Un tenant Microsoft Entra peut être fédéré avec un domaine externe pour établir une relation d'approbation avec un autre domaine à des fins d'authentification et d'autorisation. Les organisations utilisent la fédération pour déléguer l'authentification des utilisateurs Active Directory à leur Active Directory Federation Services (AD FS) sur site. (Remarque : le domaine externe n'est pas un « domaine » Active Directory). Mais si des acteurs malveillants obtiennent des privilèges élevés dans Microsoft Entra ID, ils peuvent exploiter ce mécanisme de fédération pour créer une porte dérobée en ajoutant leur propre domaine fédéré ou en modifiant un domaine existant pour ajouter une configuration secondaire avec leurs propres paramètres. Une attaque de ce type permet d'exécuter les actions suivantes :

• Usurpation d'identité : le domaine fédéré malveillant peut générer des jetons permettant à un attaquant de s'authentifier en tant que n'importe quel utilisateur Microsoft Entra sans connaître ni réinitialiser son mot de passe. Cela comprend les utilisateurs « cloud seulement » (non hybrides) et les utilisateurs externes. Des attaques peuvent alors viser Microsoft Entra ID, Microsoft 365 (O365) et d'autres applications qui utilisent Microsoft Entra ID comme fournisseur d'identité (SSO), même si vous forcez l'authentification MFA (voir ci-dessous).
• Élévation de privilèges : l'attaquant peut usurper l'identité de n'importe quel utilisateur, notamment ceux qui ont des privilèges Microsoft Entra ID.
• Contournement de l'authentification multifacteur : avec l'authentification fédérée, le domaine externe de confiance prend le rôle de forcer l'authentification MFA. Le domaine fédéré malveillant peut alors affirmer faussement que l'authentification usurpée a utilisé l'authentification MFA ; Microsoft Entra ID va alors lui faire confiance et ne demandera plus de nouvelle authentification MFA. Ainsi, l'attaquant peut usurper l'identité de tous les utilisateurs, même s'il existe une protection MFA.
• Persistance : l'ajout d'un domaine fédéré malveillant est une technique furtive qui permet aux attaquants qui ont compromis le tenant Microsoft Entra ID et ont acquis des privilèges élevés d'y accéder facilement à nouveau par la suite.

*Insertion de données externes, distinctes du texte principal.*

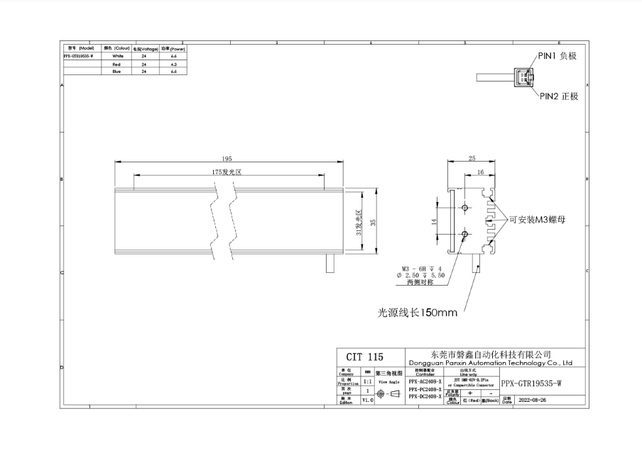 PPX 磐鑫 PPX-GTR19535-W 高均匀条形光源 应用范围 反光面外观检测/可做长条形背光使用/大面积轮廓定位检测/覆膜包装检测定位 产品特点 最长可做2000mm 模块化设计 定制时间短 高均匀长条形设计 可做背光使用 高密度贴片LED排列 亮度高 照射均匀 两侧及底部做凸型槽设计 安装灵活 适宜多种场合 光源电源线采用定制设计的出线卡扣 提高光源抗拉扯耐摇摆性能10倍以上 01. 技术指标 手机/微信:13682357734 电话:0755-84690029 QQ: 2844337877 邮箱:2844337877@qq.com...
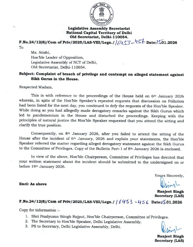 New Delhi News (15 January 2026): दिल्ली विधानसभा सचिवालय ने नेता प्रतिपक्ष आतिशी को सिख गुरुओं के खिलाफ कथित आपत्तिजनक बयान देने के मामले में नोटिस जारी किया है। यह नोटिस 15 जनवरी 2026 को जारी हुआ, जिसमें 6 जनवरी को सदन की कार्यवाही के दौरान विशेषाधिकार हनन और अवमानना के आरोपों का जिक्र किया गया है।विधानसभा सचिवालय के अनुसार, इस मामले ने सदन की कार्यवाही को प्रभावित किया और व्यापक विवाद को जन्म दिया।
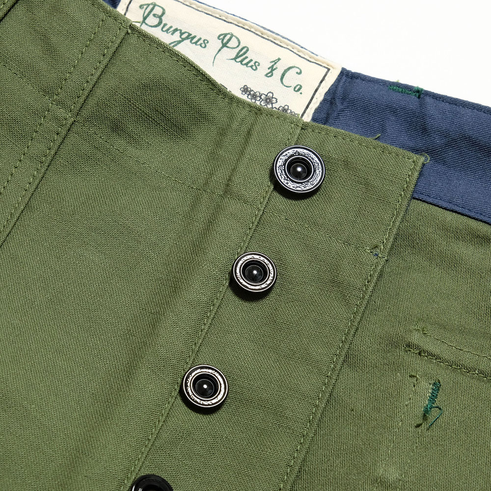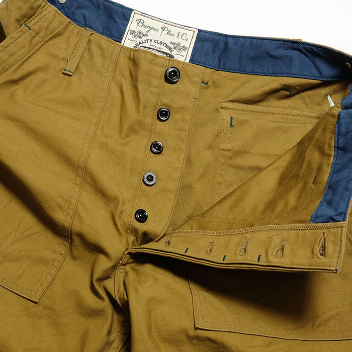 その特徴でもある大きなポケットと太めで無骨なシルエットをベースに、Burgus Plus流のエッセンスを加え、作り上げた一本。シルエットは股上も深く、ゆったりとしたデザイン。素材にはしっかりとした光沢感のある高密度のバックサテンを使用。細部にまで拘ったディティールとミリタリーパンツの心地よさが感じられる一本に仕上がっています。
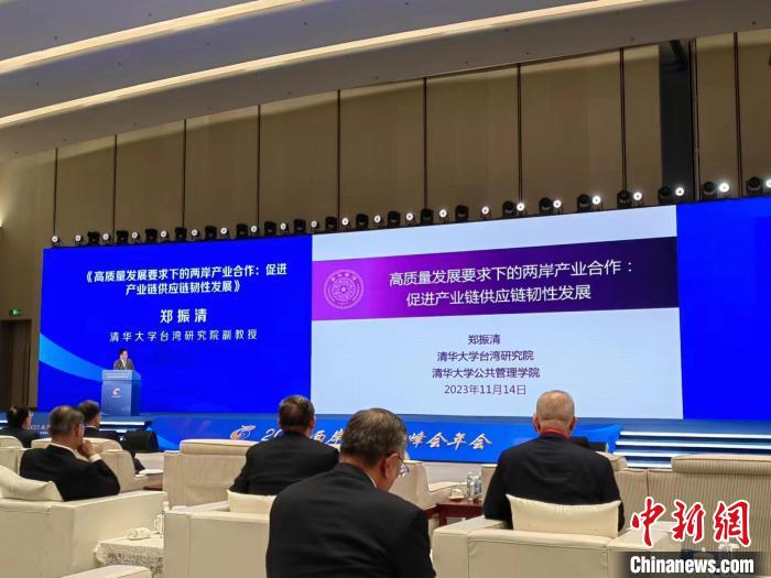 11月14日,清華大學公共管理學院、台灣研究院副教授鄭振清在兩(liang) 岸企業(ye) 家峰會(hui) 10周年年會(hui) 上作主題演講。(受訪者供圖)
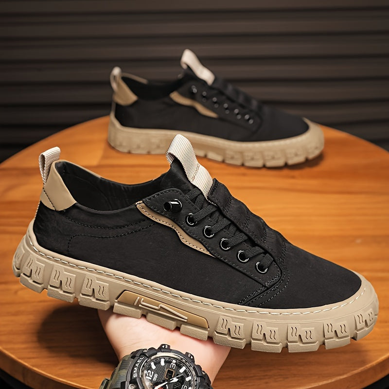 Men's Solid Color Vintage Low Top Skateboard Shoes, Comfy Non Slip Casual Durable Rubber Sole Walking Shoes, Men's Footwear
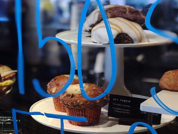 この秋の季節限定ニューは、すっかり定番となっているパンプキン スパイス ラテ(PSL)のほか、新登場のパンプキン クリーム コールドブリューの2種類のドリンクとパンプキン スコーンとパンプキン クリームチーズ マフィン。
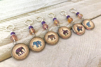 This set of elephant knitting markers was inspired by the African culture with a Bohemian style. Let them remind you of pattern changes so you don't make mistakes. The rings are snag free and will glide along your knitting needles with ease. Created with the knitter and their yarn in mind. Also available with lobster clasps for crochet.
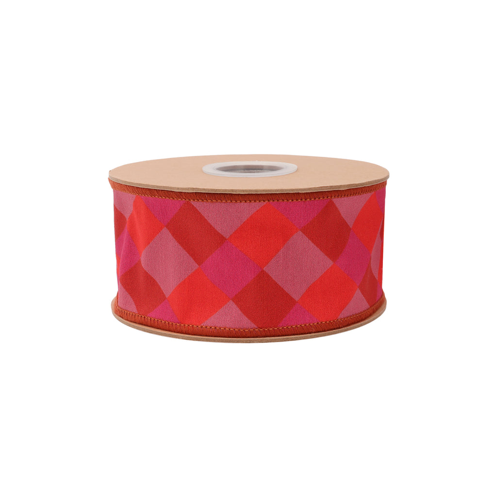 2 1/2" Wired Dupioni Ribbon | Orange/Pink/Red Bias Plaid w/ Red Fused Dupioni Backing | 10 Yard Roll
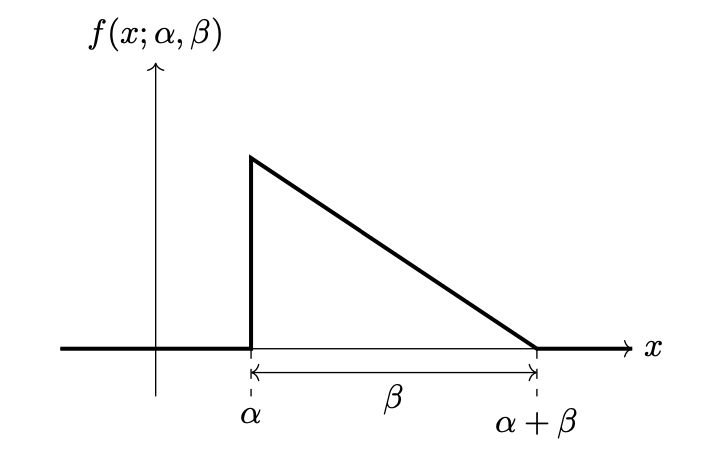 Consider Justin's right-triangle density. It is a parametric density with two parameters, \(\alpha\) and \(\beta\)(with \(\beta >0\)), and pdf:
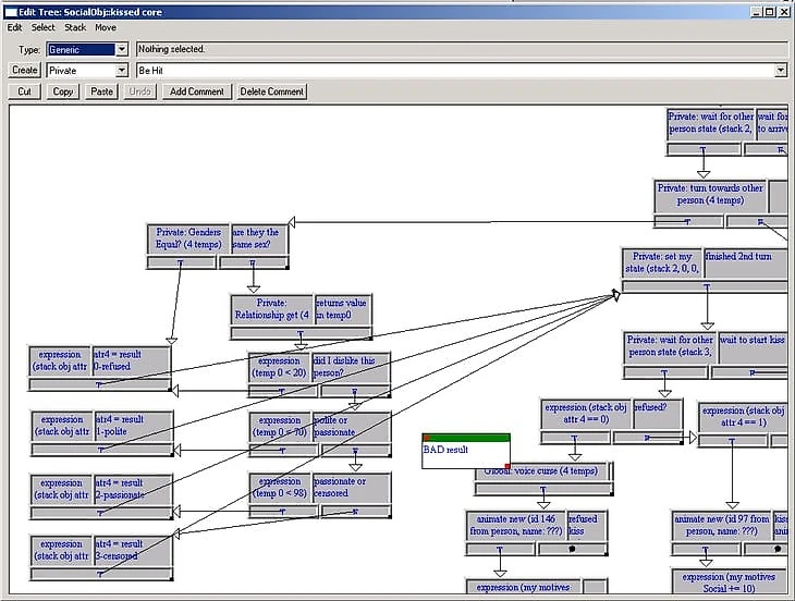 Древо кода романтических отношений в ранней версии The Sims

Cet indicateur d'exposition détecte les portes dérobées de domaine fédéré créées par le kit de piratage AADInternals, en particulier les cmdlets ConvertTo-AADIntBackdoor et New-AADIntBackdoor, en fonction de certaines caractéristiques du domaine de porte dérobée créé ou converti.

Le protocole de fédération qui transmet la preuve d'authentification du domaine fédéré malveillant au Microsoft Entra ID attaqué peut être WS-Federation ou SAML. Avec SAML, l'attaque ressemble à une attaque « Golden SAML », mais avec les principales différences suivantes :

• Au lieu de voler la clé de signature SAML légitime d'une fédération existante, les attaquants injectent leur nouveau domaine avec leur propre clé.
• Les attaquants utilisent le jeton pour la fédération plutôt que pour accéder à un service.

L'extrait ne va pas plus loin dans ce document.